Study planning
UKMLA AKT Revision Plan: 16-Week Guide | MedRevisions
Get a realistic 16-week UKMLA AKT revision plan for final-year UK medical students. Balance finals, placements, and AKT prep with our structured guide.
Updated Reviewed by MedRevisions UKMLA Curriculum Team
Why finals revision and AKT prep aren't the same thing
- Both draw from the MLA Content Map, so 70-80% of your prep overlaps. The remaining 20-30% is AKT-specific: two-paper pacing, decision-order stems, and ethics-integrated questions that finals OSCEs handle differently.
- Finals tests recall, applied reasoning, and OSCE-style communication. The AKT tests SBA-style decision-making under time pressure across two 2-hour papers in a single window.
- Treat AKT prep as a 30% top-up on top of solid finals revision, not a separate 100% effort. The biggest waste is duplicating coverage you've already done for finals.
Weeks 16-13 — coverage audit and content baseline
- Open the MLA Content Map dashboard view. Mark which specialties your school's curriculum has formally covered to date.
- Sit a 50-SBA diagnostic block across mixed specialties. Score is irrelevant; what matters is which topics you flagged or guessed.
- Pick the 4-6 specialties with the lowest coverage and start a daily 30-question block on rotation, finishing a specialty before moving on.
- Lock down NICE / BNF / CKS for the management questions you got wrong — guideline familiarity is the single highest-yield AKT skill at this stage.
Weeks 12-9 — building question stamina alongside placements
- On placement weeks, drop to 30-40 questions per day with a 'one expert note per day' habit — protects the routine without burning you out.
- On non-placement weeks, push to 80-100 questions per day across 2-3 specialties. Always review wrong answers before sitting the next block.
- Sit one Paper 1 simulation (100 SBAs / 2 hours) at the end of week 10. Use the exam debrief to find your decision-error pattern, not just your topic gaps.
- Add a weekly 30-minute mind map session for the specialty you're weakest in — visual chunking is the cheapest stamina win.
Weeks 8-5 — Paper 1 + Paper 2 differentiation
- Sit your first chained Paper 1 + Paper 2 mock at the start of week 8. Don't take them on different days — the AKT is sat in a single window, and you need to feel that fatigue.
- Paper 1 emphasis: acute medicine, surgery, clinical reasoning under uncertainty.
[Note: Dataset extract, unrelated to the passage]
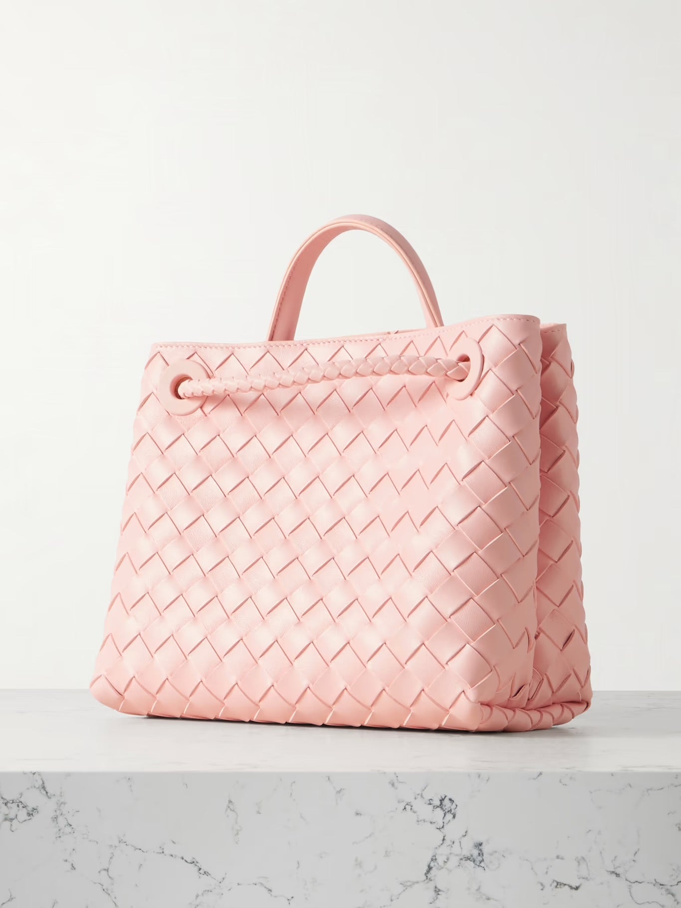 Rosé Renkli Örgü Desenli Tasarımcı Çanta – Feminen Zarafet ve Lüks Tasarımın Buluşması
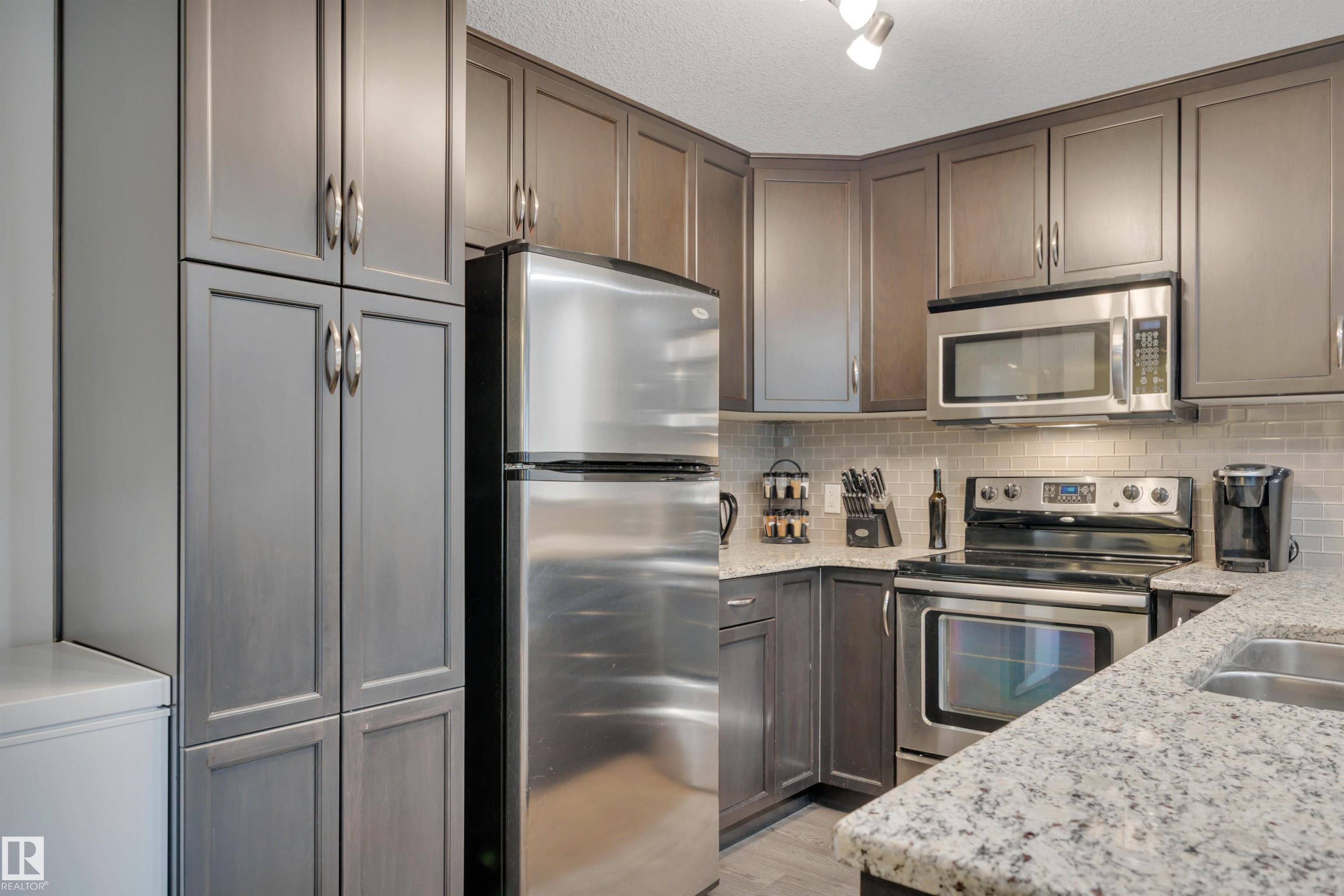 Beautiful well cared for building in a great neighborhood for a low maintenance condo lifestyle here. Laminate floors run through the open kitchen, living & dining areas. The kitchen features granite counters, raised bar, pantry & stainless steel appliances. Split-bedroom layout offers privacy—two bedrooms separated by the living room. Separate laundry/storage room for in-suite laundry. The sliding door opens to a private, treed patio overlooking greenspace. The primary suite includes a walk-through closet & 3-pce ensuite with oversized shower & seat. Second bedroom is generous with a large closet, right beside the 4 pce bathroom. Ideally located, with quick access to Ellerslie, Henday & Hwy 2 to EIA, with all essential shopping nearby. Two titled Parking spots! One outdoor stall & one underground parking with storage locker. This clean & nicely finished condo offers extras like a fitness centre, social room with pool table & guest suite. A perfect balance of comfort, convenience & low-maintenance living!

Bias your weekday practice here.
- Paper 2 emphasis: chronic disease management, ethics, communication, professional standards. Bias your weekend practice here.
- By week 5, you should have completed at least 2 chained Paper 1+2 mocks. Your accuracy gap between the two papers tells you where the bigger top-up effort needs to go.
Weeks 4-2 — guideline lockdown and weakness mocks
- Triggered weakness mocks every 3-4 days. They auto-pull your lowest 4-6 specialties — let the algorithm pick the topics, not your gut.
- Refresh NICE / BNF management algorithms for the top 8 specialties. The platform's guideline updates feed gives you only the changes since your last revision pass.
- Cap new content learning by week 3. The final 2 weeks are pure consolidation, not new material — diminishing returns on cramming undertested topics.
- Sleep, exercise, and structured downtime move from 'nice to have' to non-negotiable. Stamina determines AKT outcome more than the last 200 questions you cram.
Final week — exam-day rehearsal
- Sit one final chained Paper 1 + Paper 2 mock 5-7 days out. Use the exam debrief to confirm pacing is below 1m 12s/question and your timing distribution is even, not back-loaded.
- Two days before: light practice only — 30 SBAs, mixed specialties, no weakness focus. The goal is to confirm you can perform on tired days, not to cram.
- Day before: zero practice. Read your own personalised revision notes from the past 12 weeks; that's the highest-density review you can do.
- Exam morning: arrive early, eat normally, hydrate. Trust the preparation. The AKT rewards prepared decision-making, not last-minute factoids.